Please print every record below exactly as it appears, but leave out the pictures.

———

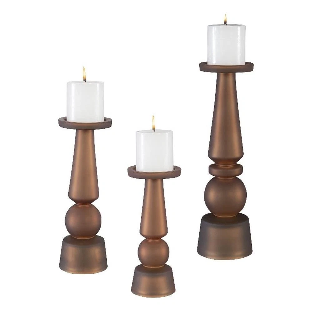 Uttermost Cassiopeia Butter Rum Glass Candleholders in Brown (Set of 3)
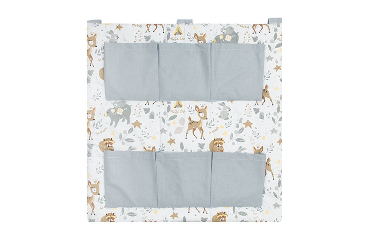 Žepnik je okrašen s čudovitim motivom gozdnih živali, žepki pa so moderno sive barve. Zahvaljujoč univerzalnim barvam se bo odlično prilegal v sobo katere koli vrste.
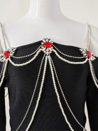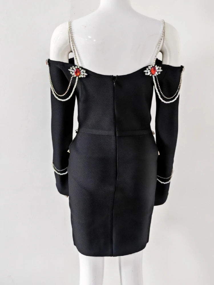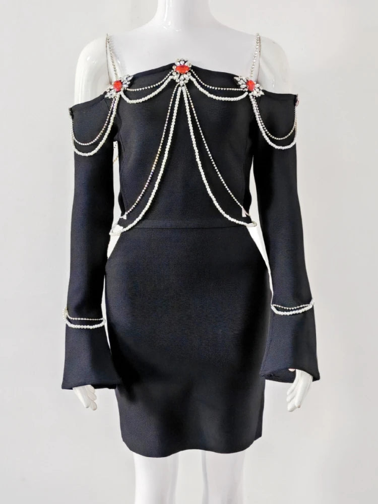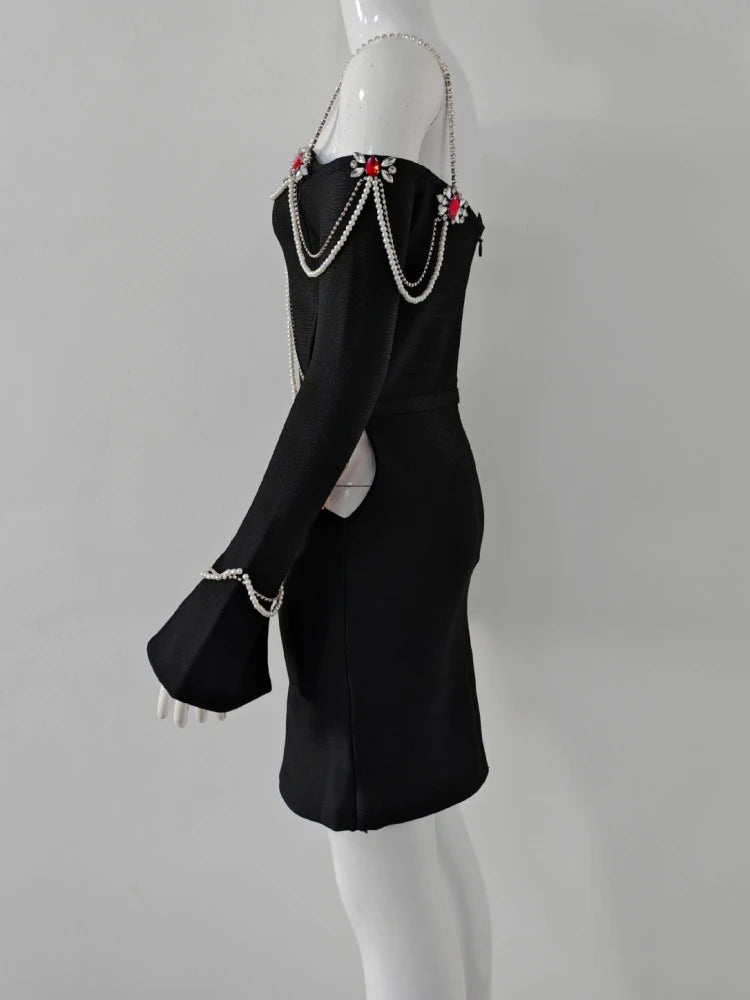 Make a dazzling entrance in the Trend4us Luxe Crystal Chain Cutout Off-Shoulder Dress, a bold fusion of elegance and modern glamour. Crafted from premium stretch fabric, this bodycon silhouette flatters the figure while allowing comfortable movement. The off-shoulder neckline is adorned with intricate pearl chains and crystal floral accents, creating an opulent statement look. Dramatic side cutouts sculpt the waist, while long sleeves with pearl draped details add a touch of sophistication. A concealed back zipper ensures a smooth fit, making this the perfect piece for upscale evenings, red-carpet events, or statement parties.
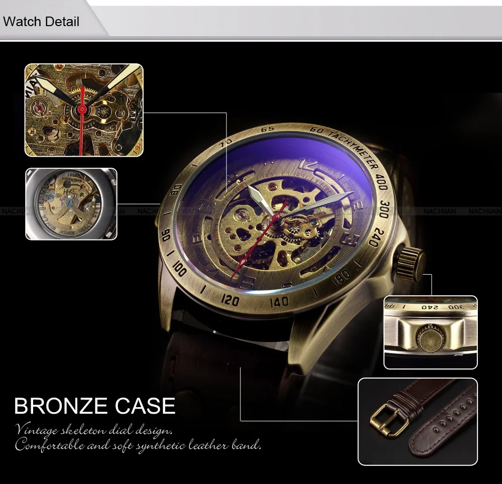 Product Name: Zegarki shenhua mężczyźni Retro skrzynia z brązu zegarek męski automatyczny zegarek mechaniczny szkielet skórzany Sport zegarek Relogio Masculino
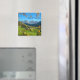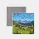Val di Funes with autumn leaves square text magnet
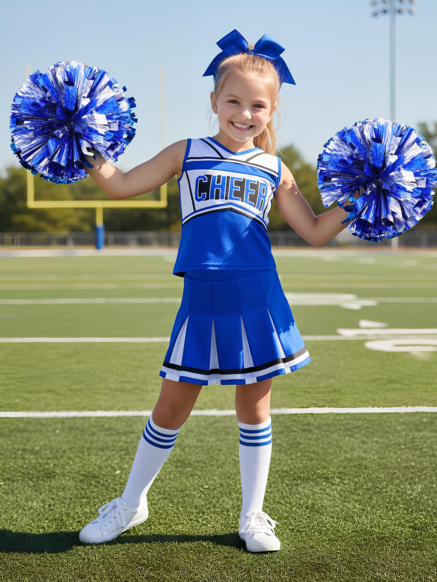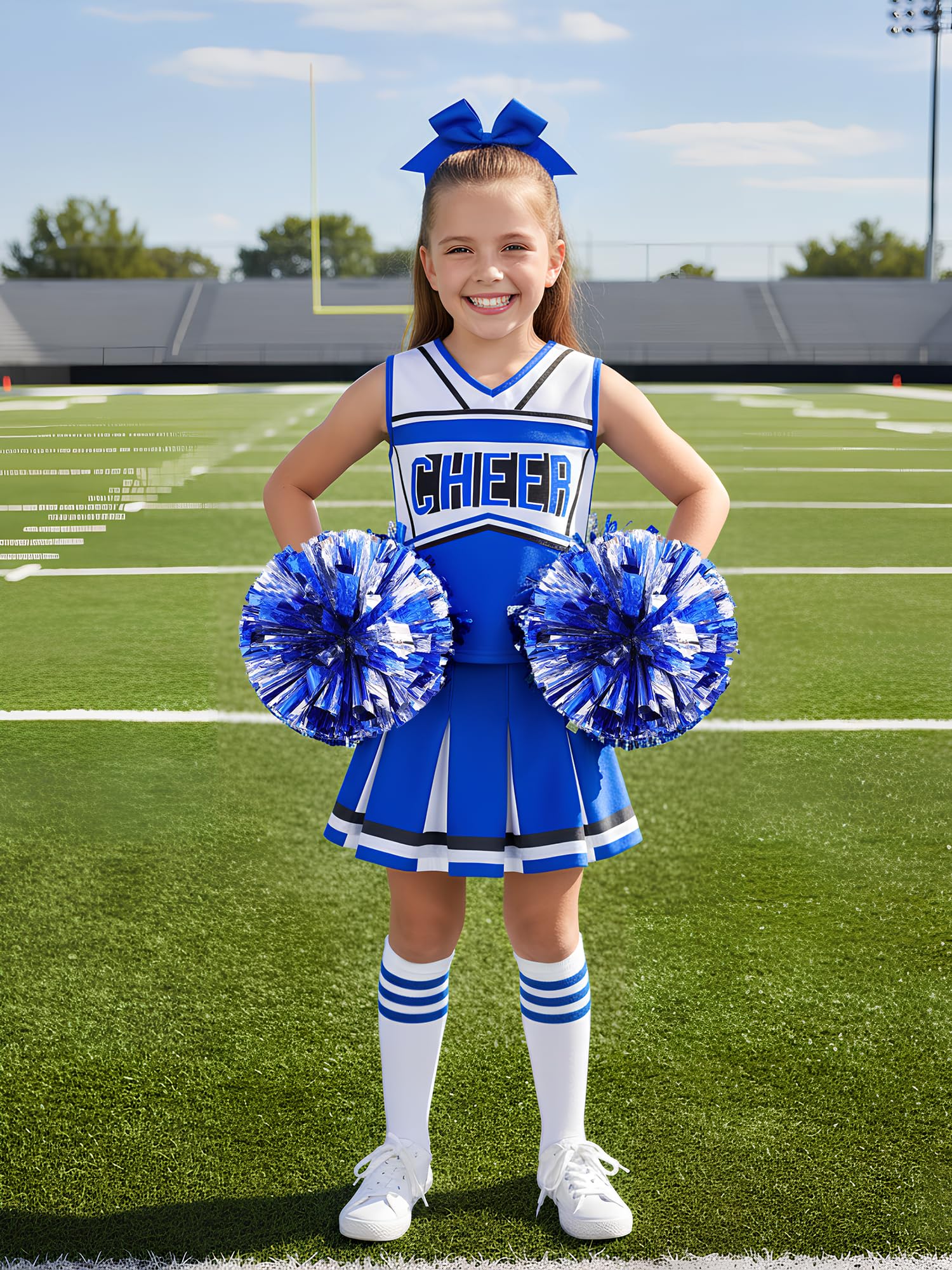 Complete Cheerleader Ensemble Set:Includes all essential items: "CHEER" lettered top, matching skirt, pom poms, hair bow, and knee-high socks for instant team-ready appearance.
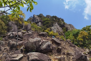 12:45冲顶,也是鸡笼山风景最漂亮的路段,沿着石头山脊线网上攀登,驻足赏景拍照,这里各种奇形怪状的石头,鸡笼山号称惠州小黄山
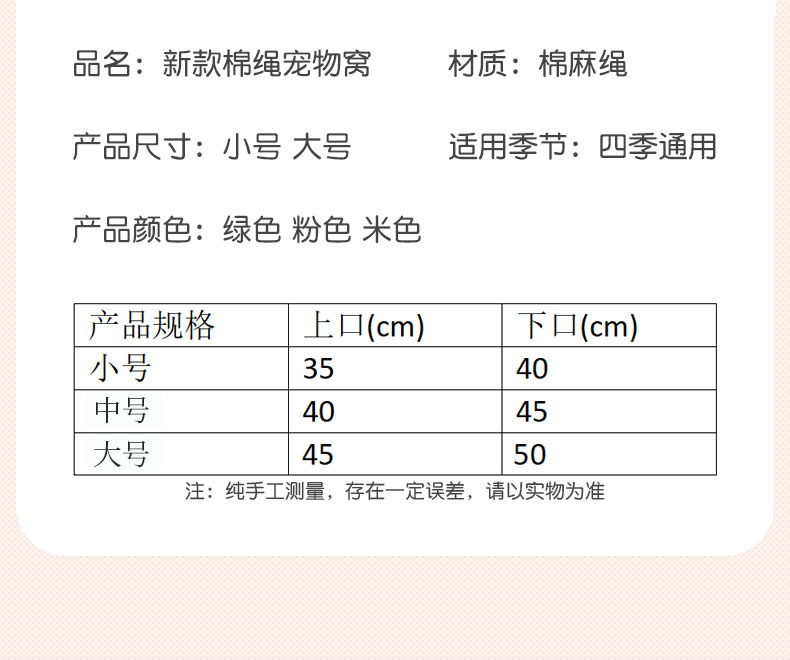 새로운 면 밧줄 애완 동물 둥지 고양이 둥지 손으로 짠 사계절 유니버설 애완 동물 침대 아마존 빨 수있는 고양이 둥지
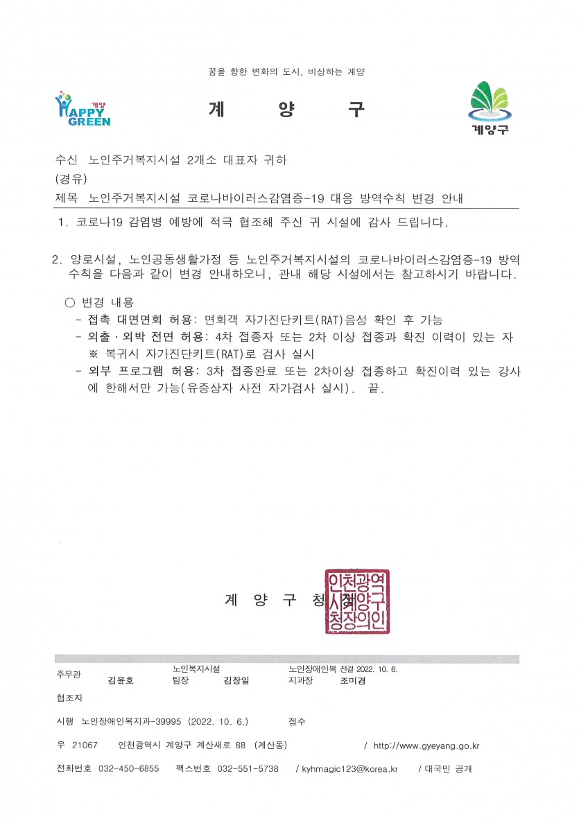 노인주거복지시설 방역수칙 변경 안내 페이지 정보 작성자 나솔채 댓글 0건 조회 1,300회 작성일 22-10-06 17:09 목록 본문 노인주거복지시설 방역수칙 변경 안내 사항을 공지합니다 이전글나솔채 홍현송 원장, 국민훈장 목련장 수상 22.10.12 다음글요양보호사 모집합니다. 22.08.18 댓글 0 댓글목록 등록된 댓글이 없습니다.
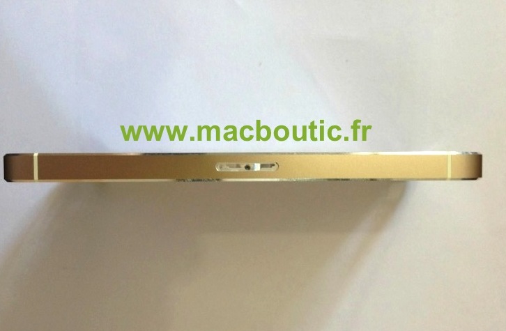 Слухи о «золотом» корпусе нового iPhone 5S, премьера которого запланирована на начало сентября 2013 года, обретают подтверждение. В Интернет попали снимки корпуса, в котором, предположительно, будут выпускать смартфон. Также источники прогнозируют, что гаджет будет оснащен 64-разрядным процессором ARMv8 A7 SoC, функцией сканирования отпечатка пальца через сапфировое стекло на месте «главной кнопки» и максимальный объем памяти в 128 Гб, сообщают СМИ. Фото были выложены на сайте Macboutic.fr.
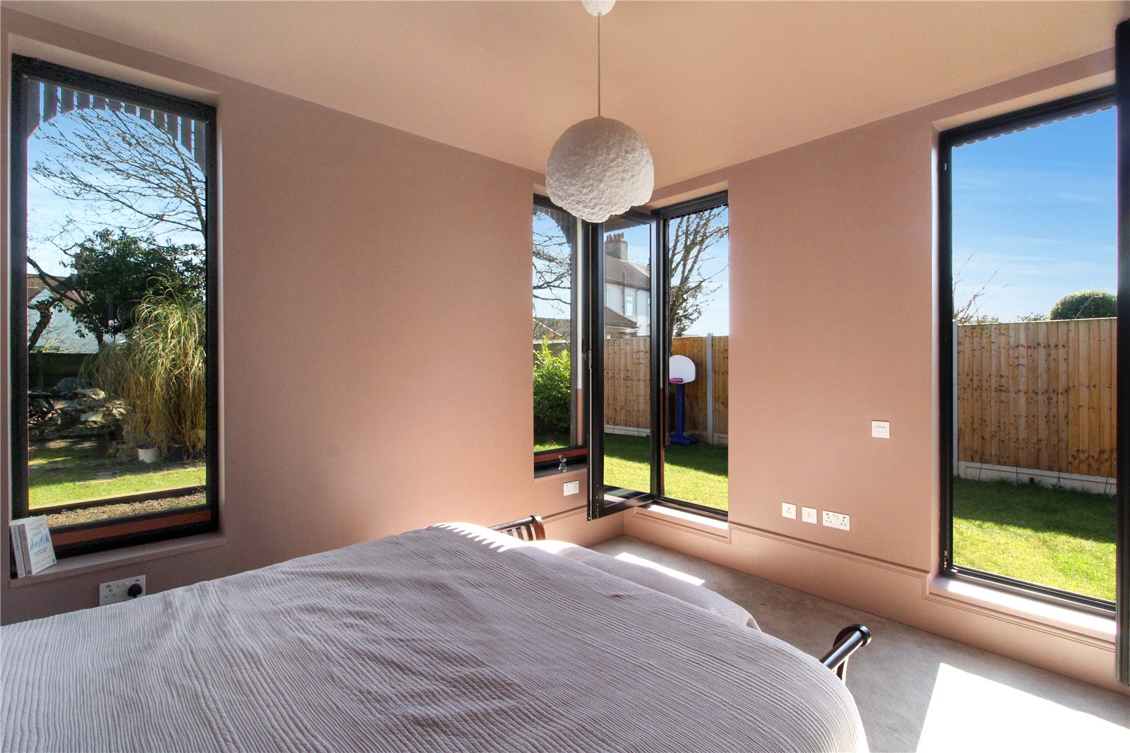 Dual aspect room with two double glazed full-height 'tilt-and-turn windows' to side with integrated blinds and two double glazed windows to rear with integrated blinds. Cork flooring with underfloor heating. Bedside wall light and bedside wall light point. Smooth plastered walls and smooth plastered ceiling with feature ceiling light. Door to En suite.
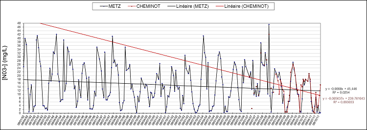 Les deux stations du secteur aval appartiennent à des paysages différents mais présentent des tracés identiques depuis 2007. Le nitrate mesuré à Cheminot se retrouve à Metz, sans qu’il n’y ait eu ni dégradation ni production supplémentaire. Ce secteur possède donc un pouvoir auto épurateur plus faible qu’en amont. Les teneurs observées à Metz depuis 2007 proviennent de l’activité agricole puisque les nitrates proviennent de l’amont et ne sont pas produits sur place. Avant 2007 en revanche, il est possible qu’une part du nitrate ait une origine industrielle ou urbaine, plus particulièrement dans la période 1992 -1999. Les phases caractéristiques sont bien présentes, autant par la réduction des teneurs maximales que par la réduction des teneurs moyennes. Le nitrate moyen est en baisse depuis 2008 et les dispositifs agri-environnementaux semblent avoir une influence relativement significative sur les teneurs observées, notamment par la gestion améliorée de la pollution azotée en secteur amont.
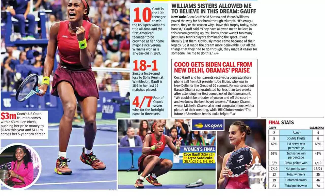 NEW YORK: There's a video of Coco Gauff singing Carly Rae Jepsen's 'call me maybe' doing the rounds on social media. She's eight and bouncing about the stands on Arthur Ashe Stadium.
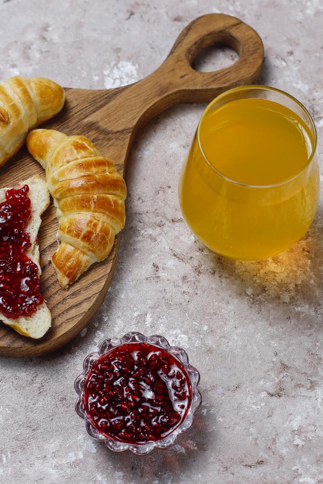 Wallpaper Juice on the table with croissants and jam
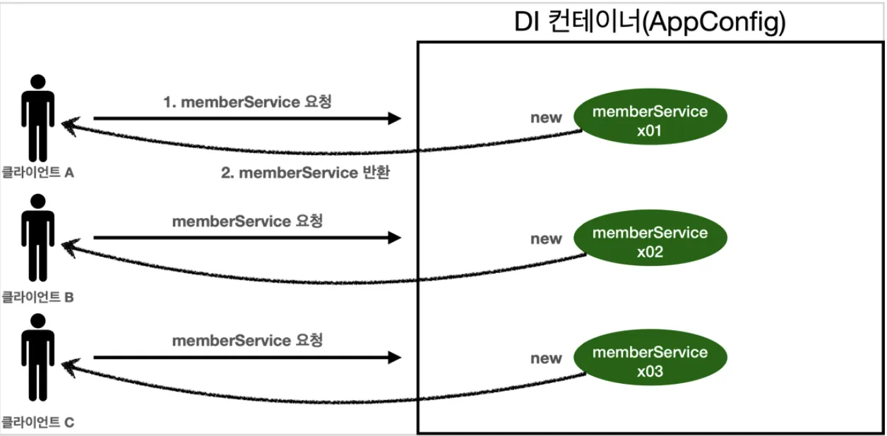 clientBean에 프로토타입 빈을 주입 받는게 아니라 applicationContext를 주입 받은 후 프로토타입 빈을 사용할 때마다 스프링 컨테이너에게 요청해 각각 다른 인스턴스의 프로토타입 빈을 사용할 순 있다.
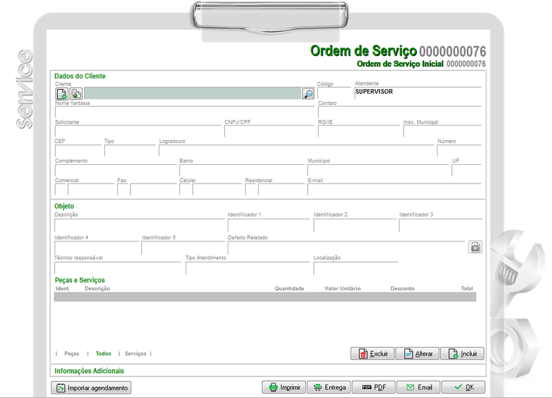 O módulo Atendimento tem como foco gerenciar o recebimento dos objetos. Portanto, o mesmo limita-se ao preenchimento das informações do cliente, do objeto e das informações adicionais, não tendo acesso ao lançamento de Peças e Serviços.

———

**Solved problem**
 Uttermost Cassiopeia Butter Rum Glass Candleholders in Brown (Set of 3)
 Žepnik je okrašen s čudovitim motivom gozdnih živali, žepki pa so moderno sive barve. Zahvaljujoč univerzalnim barvam se bo odlično prilegal v sobo katere koli vrste.
 Make a dazzling entrance in the Trend4us Luxe Crystal Chain Cutout Off-Shoulder Dress, a bold fusion of elegance and modern glamour. Crafted from premium stretch fabric, this bodycon silhouette flatters the figure while allowing comfortable movement. The off-shoulder neckline is adorned with intricate pearl chains and crystal floral accents, creating an opulent statement look. Dramatic side cutouts sculpt the waist, while long sleeves with pearl draped details add a touch of sophistication. A concealed back zipper ensures a smooth fit, making this the perfect piece for upscale evenings, red-carpet events, or statement parties.
 Product Name: Zegarki shenhua mężczyźni Retro skrzynia z brązu zegarek męski automatyczny zegarek mechaniczny szkielet skórzany Sport zegarek Relogio Masculino
Val di Funes with autumn leaves square text magnet
 Complete Cheerleader Ensemble Set:Includes all essential items: "CHEER" lettered top, matching skirt, pom poms, hair bow, and knee-high socks for instant team-ready appearance.
 12:45冲顶,也是鸡笼山风景最漂亮的路段,沿着石头山脊线网上攀登,驻足赏景拍照,这里各种奇形怪状的石头,鸡笼山号称惠州小黄山
 새로운 면 밧줄 애완 동물 둥지 고양이 둥지 손으로 짠 사계절 유니버설 애완 동물 침대 아마존 빨 수있는 고양이 둥지
 노인주거복지시설 방역수칙 변경 안내 페이지 정보 작성자 나솔채 댓글 0건 조회 1,300회 작성일 22-10-06 17:09 목록 본문 노인주거복지시설 방역수칙 변경 안내 사항을 공지합니다 이전글나솔채 홍현송 원장, 국민훈장 목련장 수상 22.10.12 다음글요양보호사 모집합니다. 22.08.18 댓글 0 댓글목록 등록된 댓글이 없습니다.
 Слухи о «золотом» корпусе нового iPhone 5S, премьера которого запланирована на начало сентября 2013 года, обретают подтверждение. В Интернет попали снимки корпуса, в котором, предположительно, будут выпускать смартфон. Также источники прогнозируют, что гаджет будет оснащен 64-разрядным процессором ARMv8 A7 SoC, функцией сканирования отпечатка пальца через сапфировое стекло на месте «главной кнопки» и максимальный объем памяти в 128 Гб, сообщают СМИ. Фото были выложены на сайте Macboutic.fr.
 Dual aspect room with two double glazed full-height 'tilt-and-turn windows' to side with integrated blinds and two double glazed windows to rear with integrated blinds. Cork flooring with underfloor heating. Bedside wall light and bedside wall light point. Smooth plastered walls and smooth plastered ceiling with feature ceiling light. Door to En suite.
 Les deux stations du secteur aval appartiennent à des paysages différents mais présentent des tracés identiques depuis 2007. Le nitrate mesuré à Cheminot se retrouve à Metz, sans qu’il n’y ait eu ni dégradation ni production supplémentaire. Ce secteur possède donc un pouvoir auto épurateur plus faible qu’en amont. Les teneurs observées à Metz depuis 2007 proviennent de l’activité agricole puisque les nitrates proviennent de l’amont et ne sont pas produits sur place. Avant 2007 en revanche, il est possible qu’une part du nitrate ait une origine industrielle ou urbaine, plus particulièrement dans la période 1992 -1999. Les phases caractéristiques sont bien présentes, autant par la réduction des teneurs maximales que par la réduction des teneurs moyennes. Le nitrate moyen est en baisse depuis 2008 et les dispositifs agri-environnementaux semblent avoir une influence relativement significative sur les teneurs observées, notamment par la gestion améliorée de la pollution azotée en secteur amont.
 NEW YORK: There's a video of Coco Gauff singing Carly Rae Jepsen's 'call me maybe' doing the rounds on social media. She's eight and bouncing about the stands on Arthur Ashe Stadium.
 Wallpaper Juice on the table with croissants and jam
 clientBean에 프로토타입 빈을 주입 받는게 아니라 applicationContext를 주입 받은 후 프로토타입 빈을 사용할 때마다 스프링 컨테이너에게 요청해 각각 다른 인스턴스의 프로토타입 빈을 사용할 순 있다.
 O módulo Atendimento tem como foco gerenciar o recebimento dos objetos. Portanto, o mesmo limita-se ao preenchimento das informações do cliente, do objeto e das informações adicionais, não tendo acesso ao lançamento de Peças e Serviços.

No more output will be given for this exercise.